Monday, March 09, 2009

Is unemployment now approaching 15%?

The 8.1% unemployment rate is deceptive. That is the U-3.

If one wishes to compare unemployment now to unemployment in the 1930s, the closest analagous data is the U-6. The U-6 includes the unemployed, the discouraged workers and the under-employed workers (those who want full -time but can only get part-time due to economic reasons.)

In the 1930s, data was not kept as it is now. The estimates of unemployment during the 1930s came from applications for relief (both to public agencies and private organizations) and later included the applications to work for the WPA and CCC. There were no distinctions made between 'unemployed', 'discouraged' or 'under-employed.' Anyone who did not have enough full-time work no matter for how long, no matter whether they had applied for a job or not within 4 weeks and no matter if they picked up a few hours of work here or there was considered 'unemployed.'

The U-6 is now 14.8. That means out of every 20 workers approximately 3 are unemployed or have given up or have had their hours cut. And the number is growing and growing and growing......
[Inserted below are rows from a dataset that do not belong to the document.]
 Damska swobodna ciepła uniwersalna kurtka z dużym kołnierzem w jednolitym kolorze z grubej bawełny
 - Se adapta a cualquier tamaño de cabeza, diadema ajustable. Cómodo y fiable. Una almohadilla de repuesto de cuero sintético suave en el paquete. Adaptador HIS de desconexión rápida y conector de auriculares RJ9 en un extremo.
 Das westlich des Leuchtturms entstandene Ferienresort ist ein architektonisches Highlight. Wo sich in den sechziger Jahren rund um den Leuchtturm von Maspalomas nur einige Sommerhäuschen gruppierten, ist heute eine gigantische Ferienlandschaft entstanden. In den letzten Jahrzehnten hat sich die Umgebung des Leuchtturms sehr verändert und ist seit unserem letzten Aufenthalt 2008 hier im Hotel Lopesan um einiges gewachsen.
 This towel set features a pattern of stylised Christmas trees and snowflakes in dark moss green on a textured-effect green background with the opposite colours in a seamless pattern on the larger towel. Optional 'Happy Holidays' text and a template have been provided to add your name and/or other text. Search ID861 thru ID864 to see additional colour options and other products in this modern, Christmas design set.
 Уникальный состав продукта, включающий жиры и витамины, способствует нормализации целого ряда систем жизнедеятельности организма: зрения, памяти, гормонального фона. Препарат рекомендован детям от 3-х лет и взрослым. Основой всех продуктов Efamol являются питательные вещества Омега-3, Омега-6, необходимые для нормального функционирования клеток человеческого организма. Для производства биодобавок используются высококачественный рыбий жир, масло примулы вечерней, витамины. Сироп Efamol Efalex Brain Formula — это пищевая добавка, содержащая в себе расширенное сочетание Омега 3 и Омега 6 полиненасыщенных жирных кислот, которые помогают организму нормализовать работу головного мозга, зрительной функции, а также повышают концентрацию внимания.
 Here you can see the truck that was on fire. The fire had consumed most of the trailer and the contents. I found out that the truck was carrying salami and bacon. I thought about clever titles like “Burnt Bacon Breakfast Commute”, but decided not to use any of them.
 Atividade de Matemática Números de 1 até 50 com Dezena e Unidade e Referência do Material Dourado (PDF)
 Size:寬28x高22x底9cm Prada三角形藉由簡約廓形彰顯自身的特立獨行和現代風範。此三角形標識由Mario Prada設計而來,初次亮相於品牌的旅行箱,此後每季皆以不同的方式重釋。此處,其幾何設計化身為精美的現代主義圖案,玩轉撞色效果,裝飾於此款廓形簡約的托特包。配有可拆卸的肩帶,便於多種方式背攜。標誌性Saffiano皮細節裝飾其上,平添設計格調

The U-6 does not include all those whose hours have stayed the same but whose wages have been cut; or whose health insurance has been cut; or whose 401ks have been cut.

700 people have applied for 1 janitorial job in Ohio. The photos of job fairs, if viewed in black and white, could have been taken 76 years ago.

Still, the U-6 at 14.8% is the closest to the 1930s data. And by way of comparison it is either 1930 -31 (unemployment 1930 was 8.9% and in 1931 15.9%) or 1936 - 37 (unemployment in 1936 was 16.9 and in 1937 14.3.)